**Problem to solve**
From the first line to the last, repeat the records exactly and skip the pictures.

**Task input**

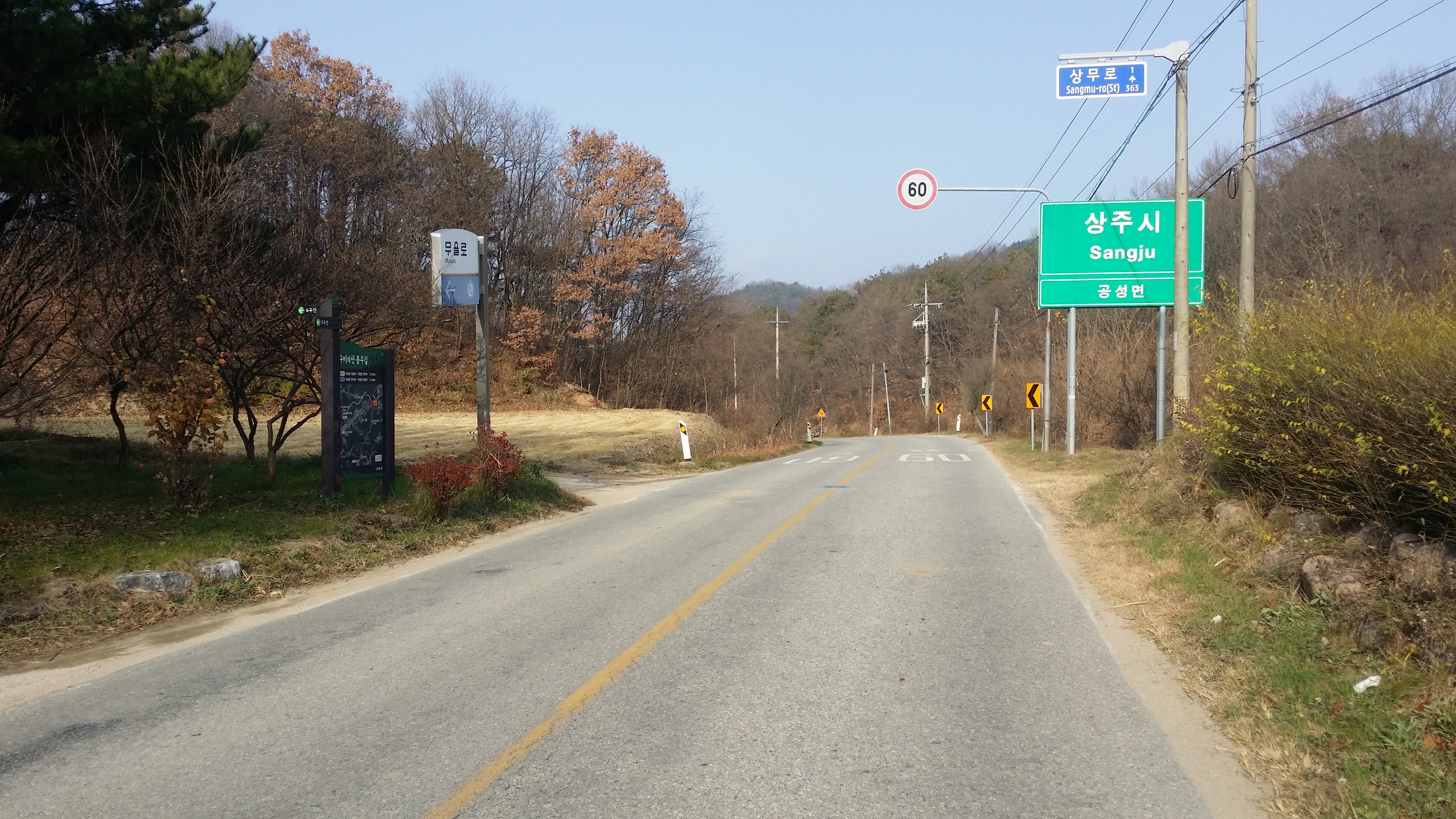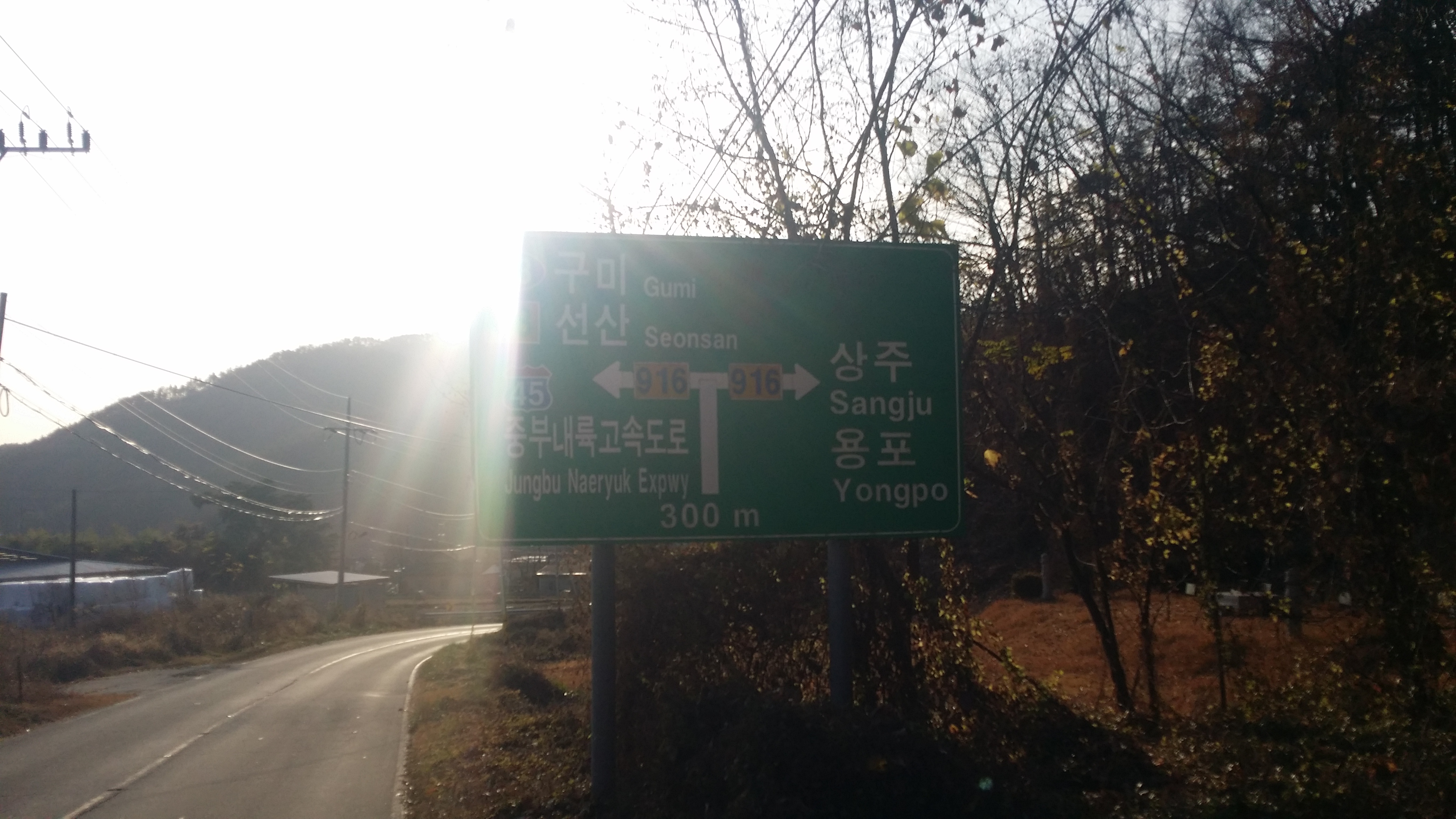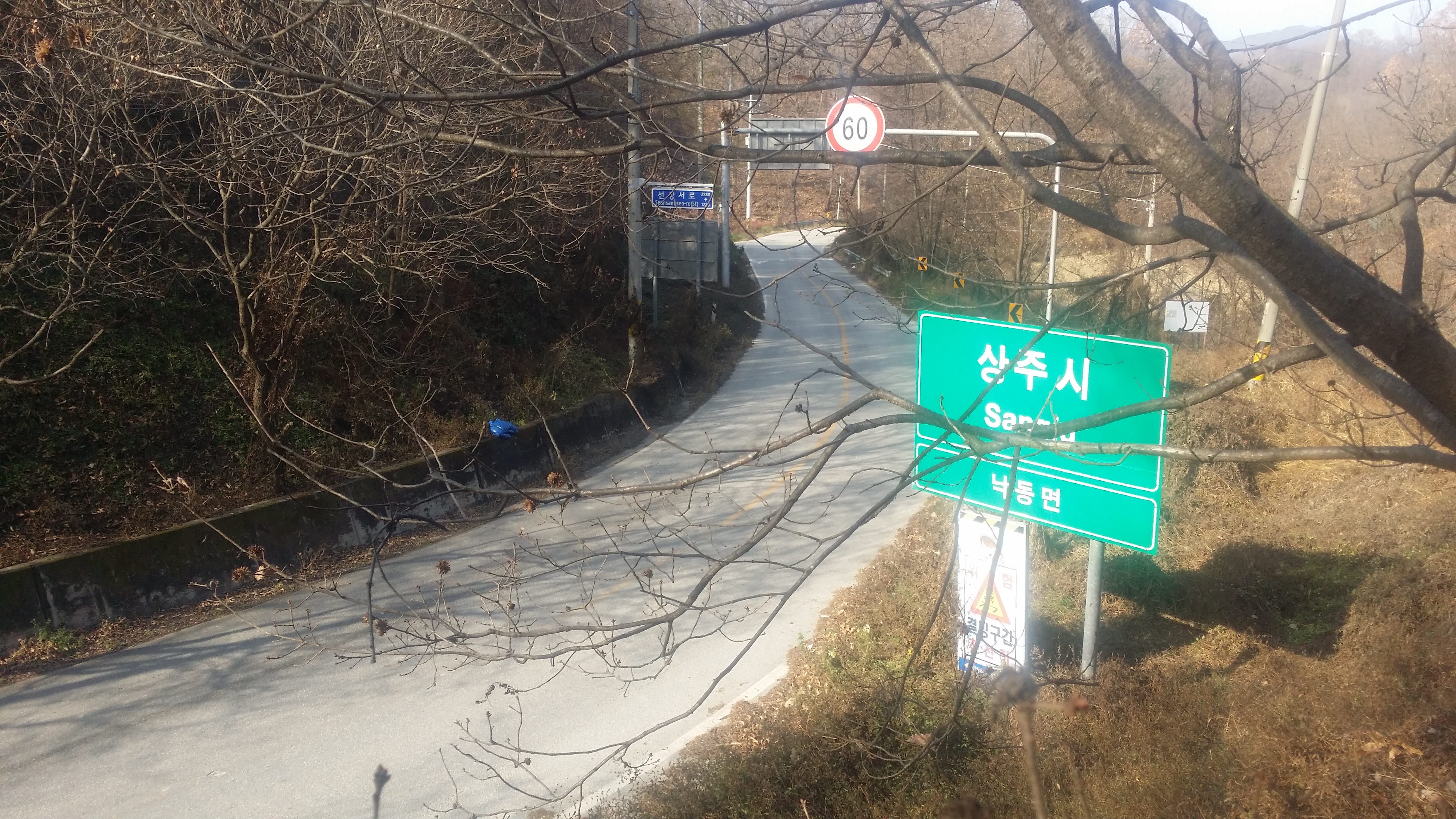 15:24 옥성 곶감 영농법인 입구에서 주아현을 바라보고, 선산휴계소로 향한다
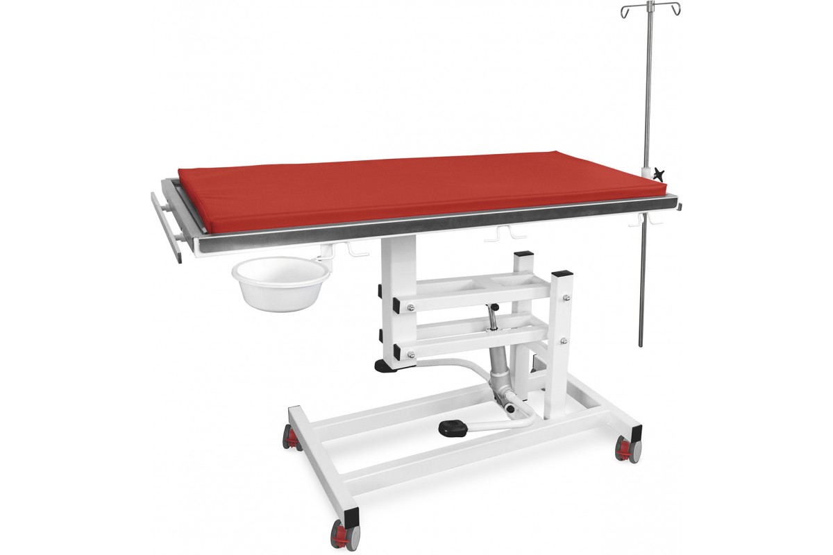 Stół weterynaryjny z hydrauliczną regulacją wysokości.
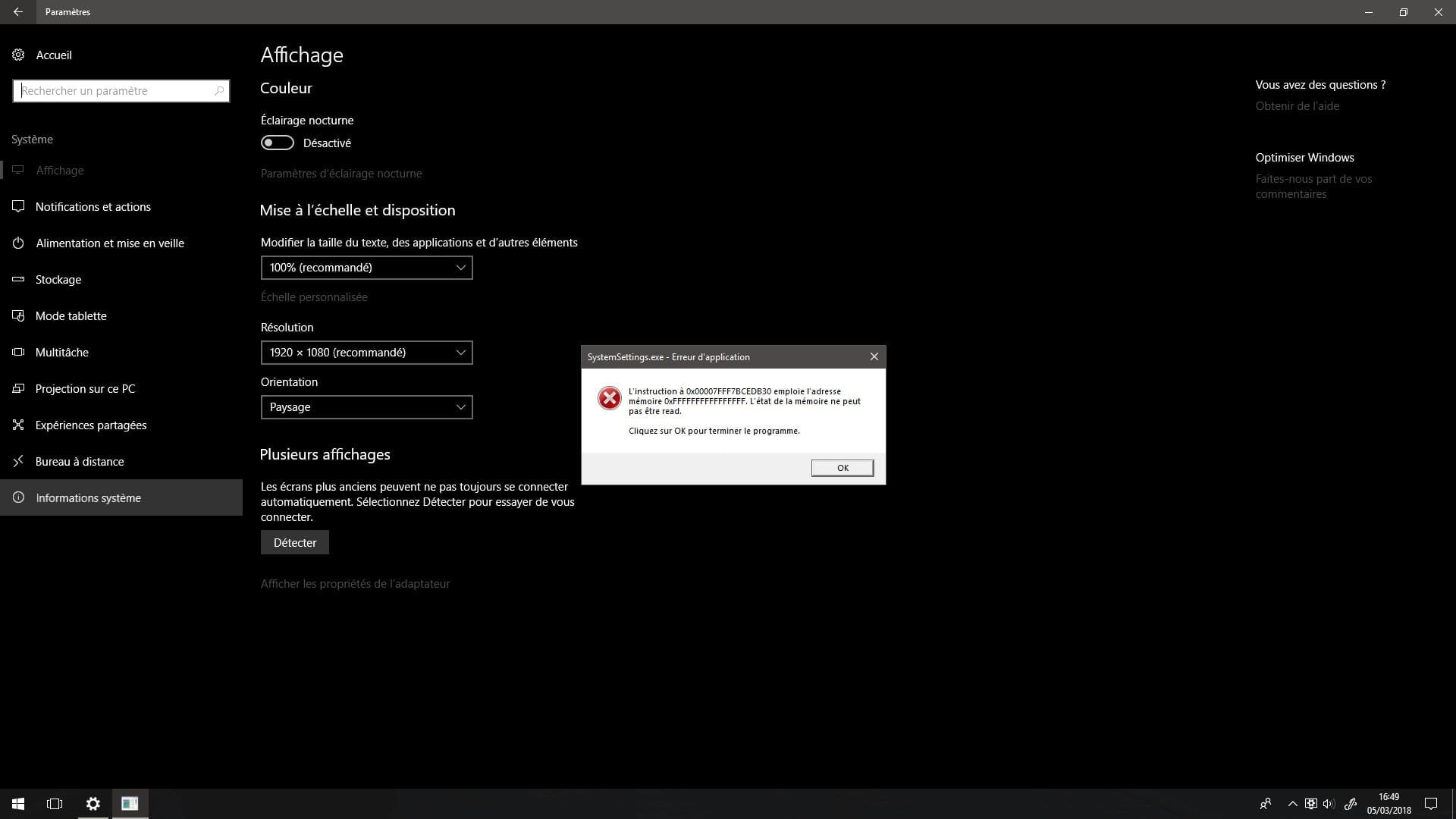 Je décide donc d'aller voir dans mes information système pour voir si tout était bien reconnu et la ce premier message d'erreur apparaît ce qui est mauvais signe je présume ( voir photo 3) je décide de recommencer et après 2-3 tentative je réussis à accéder à la partie.Mais mon CPU n'est pas reconnue (voir photo 4), je démarre donc le gestionnaire de tâche et la tout est présent donc rien d'alarmant je lance un jeu au hasard et tout fonctionne parfaitement.
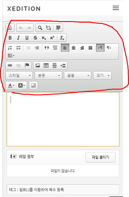 글 내용 입력하는 곳에 포커스 옮겨가면, 위지윅 에디터 컨트롤이 또 나와요.
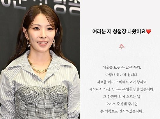 공개된 사진에는 '거울을 보듯 꼭 닮은 우리, 마침내 하나가 됩니다. 서로를 아끼고 이해하고 사랑하여 세상에서 가장 빛나는 무대를 만들겠습니다. 그 찬란한 막이 오르는 날 오셔서 축복해주시면 큰 기쁨으로 간직하겠습니다'라는 글이 적혀있었다.
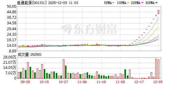 胜通能源盘中涨停,已连收10个涨停板,截至9:25,该股报38.27元,换手率0.52%,成交量103.48万 股,成交金额3960.31万元,涨停板封单金额为5.35亿元。连续涨停期间,该股累计上涨159.46%,累计 换手率为8.74%。最新A股总市值达108.01亿元,A股流通市值75.44亿元。 龙虎榜数据显示,该股因连续三个交易日内,涨幅偏离值累计达20%上榜龙虎榜4次,买卖居前营业部 中,机构净卖出483.00万元,营业部席位合计净买入1.12亿元。 据天眼查APP显示,胜通能源股份有限公司成立于2012年11月13日,注册资本28224万人民币。(数据 宝) 近日该股表现 | 日期 | 当日涨跌幅(%) | 换手率(%) | 主力资金净流入(万元) | | --- | --- | --- | --- | | 2025.12.24 | 9.99 | 4.17 | 8565.25 | | 2025.12.23 | 10.02 | 1.37 | 3382.57 | | 2025.12.22 | 9.98 | 0.29 | 1170.25 | | 2025.12.19 | 10.02 | 0.56 | ...
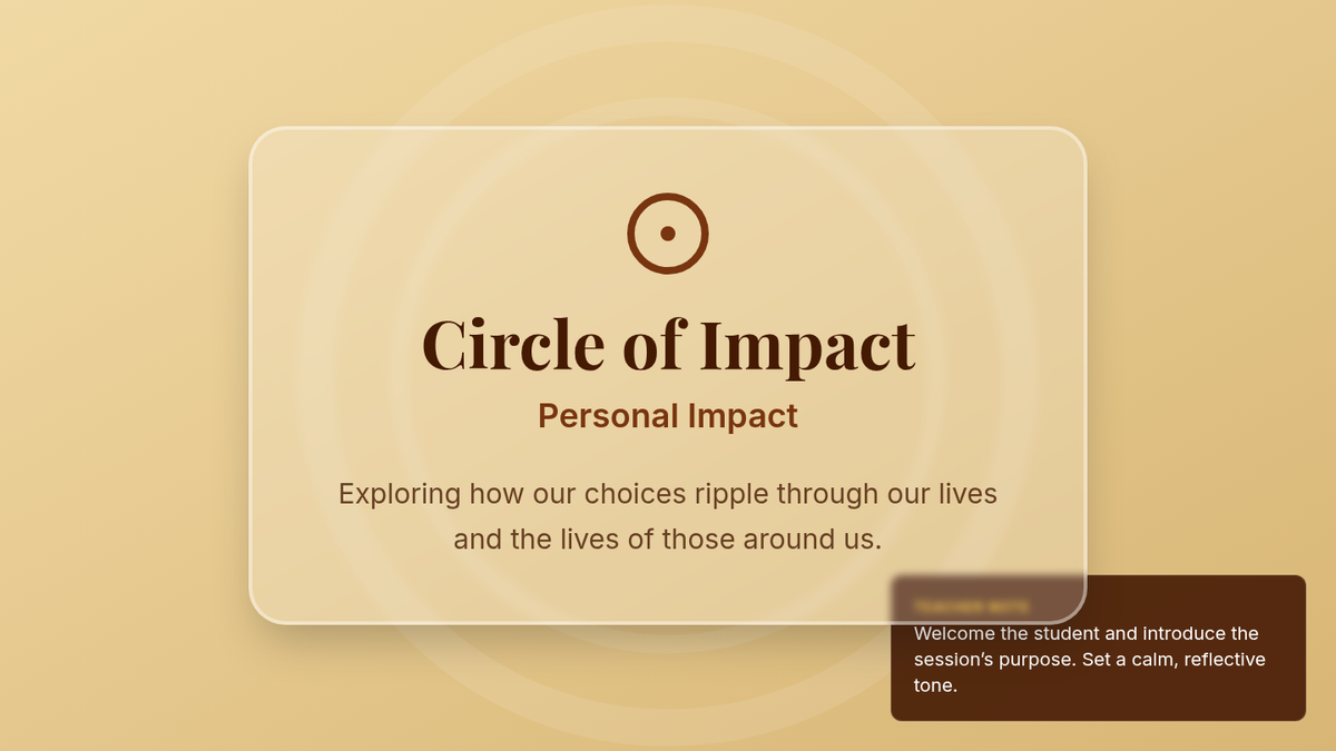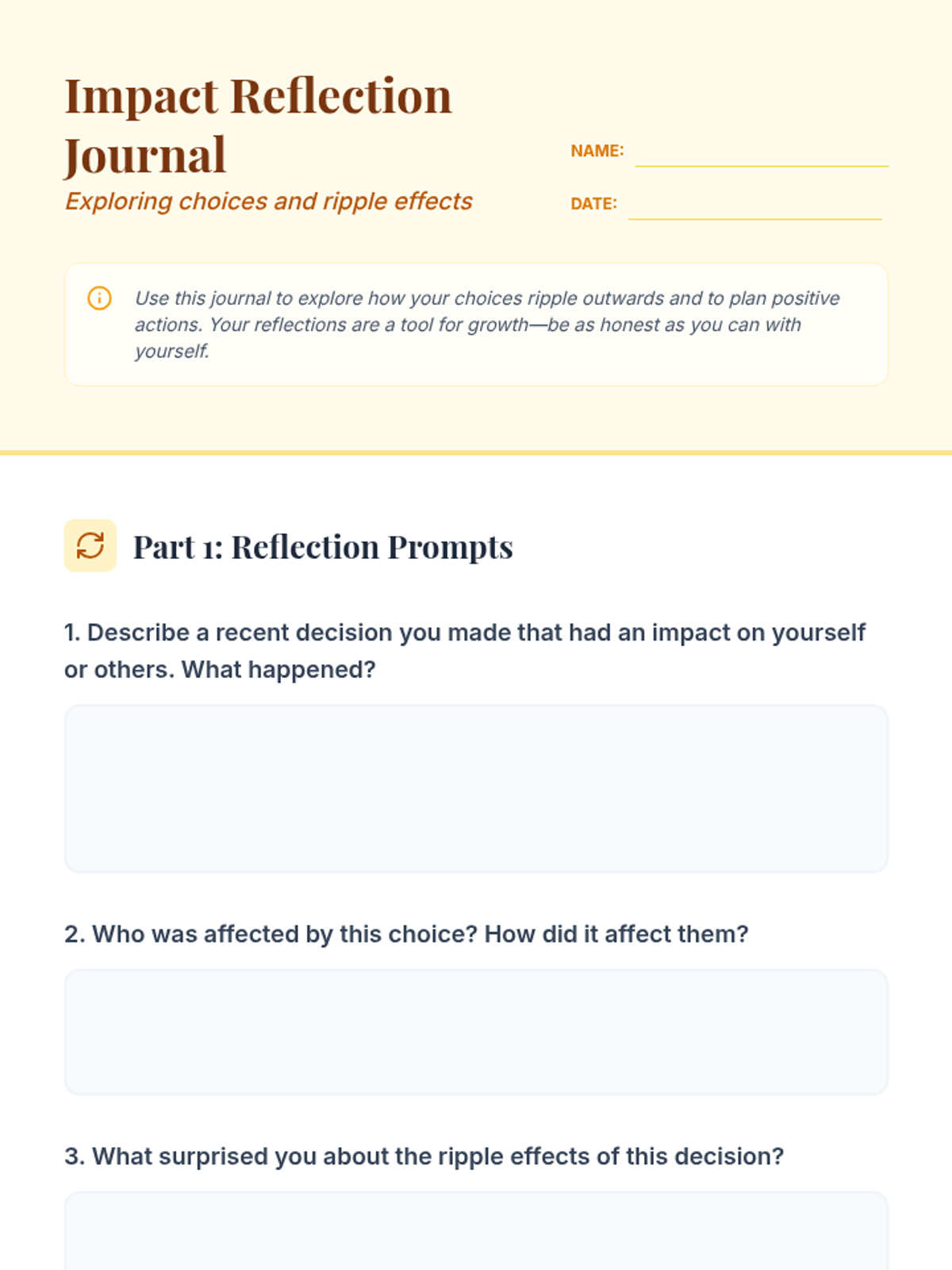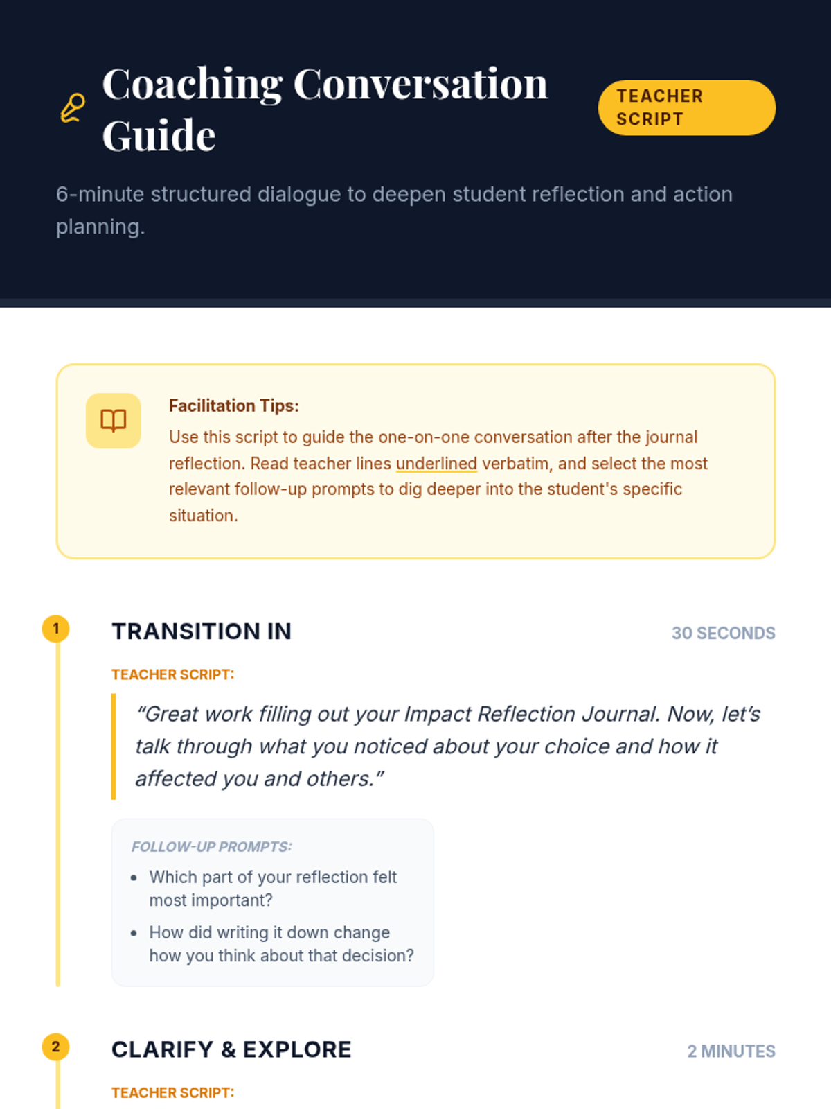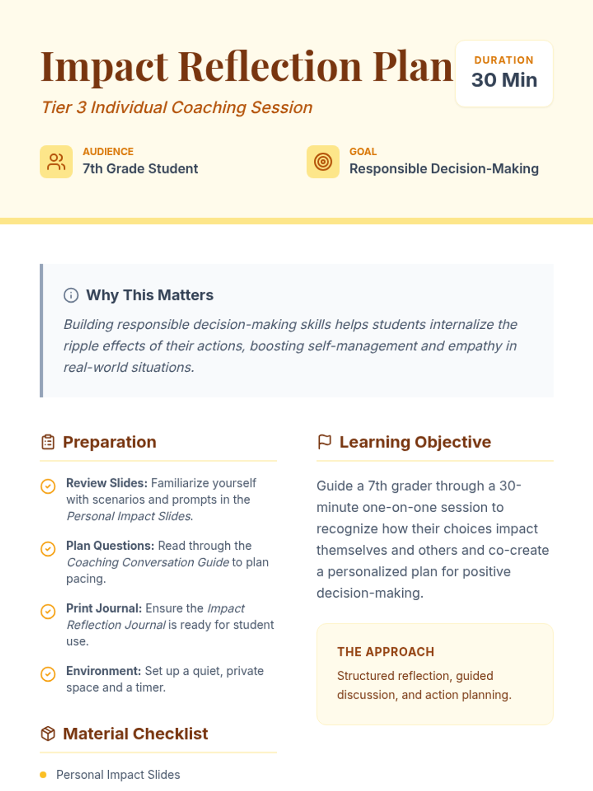 A 30-minute Tier 3 individual coaching session for 7th graders focused on CA SEL's Responsible Decision-Making. Students explore the ripple effects of their choices through scenarios, reflective journaling, and guided conversation to build a personalized action plan.

**Written solution**
 15:24 옥성 곶감 영농법인 입구에서 주아현을 바라보고, 선산휴계소로 향한다
 Stół weterynaryjny z hydrauliczną regulacją wysokości.
 Je décide donc d'aller voir dans mes information système pour voir si tout était bien reconnu et la ce premier message d'erreur apparaît ce qui est mauvais signe je présume ( voir photo 3) je décide de recommencer et après 2-3 tentative je réussis à accéder à la partie.Mais mon CPU n'est pas reconnue (voir photo 4), je démarre donc le gestionnaire de tâche et la tout est présent donc rien d'alarmant je lance un jeu au hasard et tout fonctionne parfaitement.
 글 내용 입력하는 곳에 포커스 옮겨가면, 위지윅 에디터 컨트롤이 또 나와요.
 공개된 사진에는 '거울을 보듯 꼭 닮은 우리, 마침내 하나가 됩니다. 서로를 아끼고 이해하고 사랑하여 세상에서 가장 빛나는 무대를 만들겠습니다. 그 찬란한 막이 오르는 날 오셔서 축복해주시면 큰 기쁨으로 간직하겠습니다'라는 글이 적혀있었다.
 胜通能源盘中涨停,已连收10个涨停板,截至9:25,该股报38.27元,换手率0.52%,成交量103.48万 股,成交金额3960.31万元,涨停板封单金额为5.35亿元。连续涨停期间,该股累计上涨159.46%,累计 换手率为8.74%。最新A股总市值达108.01亿元,A股流通市值75.44亿元。 龙虎榜数据显示,该股因连续三个交易日内,涨幅偏离值累计达20%上榜龙虎榜4次,买卖居前营业部 中,机构净卖出483.00万元,营业部席位合计净买入1.12亿元。 据天眼查APP显示,胜通能源股份有限公司成立于2012年11月13日,注册资本28224万人民币。(数据 宝) 近日该股表现 | 日期 | 当日涨跌幅(%) | 换手率(%) | 主力资金净流入(万元) | | --- | --- | --- | --- | | 2025.12.24 | 9.99 | 4.17 | 8565.25 | | 2025.12.23 | 10.02 | 1.37 | 3382.57 | | 2025.12.22 | 9.98 | 0.29 | 1170.25 | | 2025.12.19 | 10.02 | 0.56 | ...
 A 30-minute Tier 3 individual coaching session for 7th graders focused on CA SEL's Responsible Decision-Making. Students explore the ripple effects of their choices through scenarios, reflective journaling, and guided conversation to build a personalized action plan.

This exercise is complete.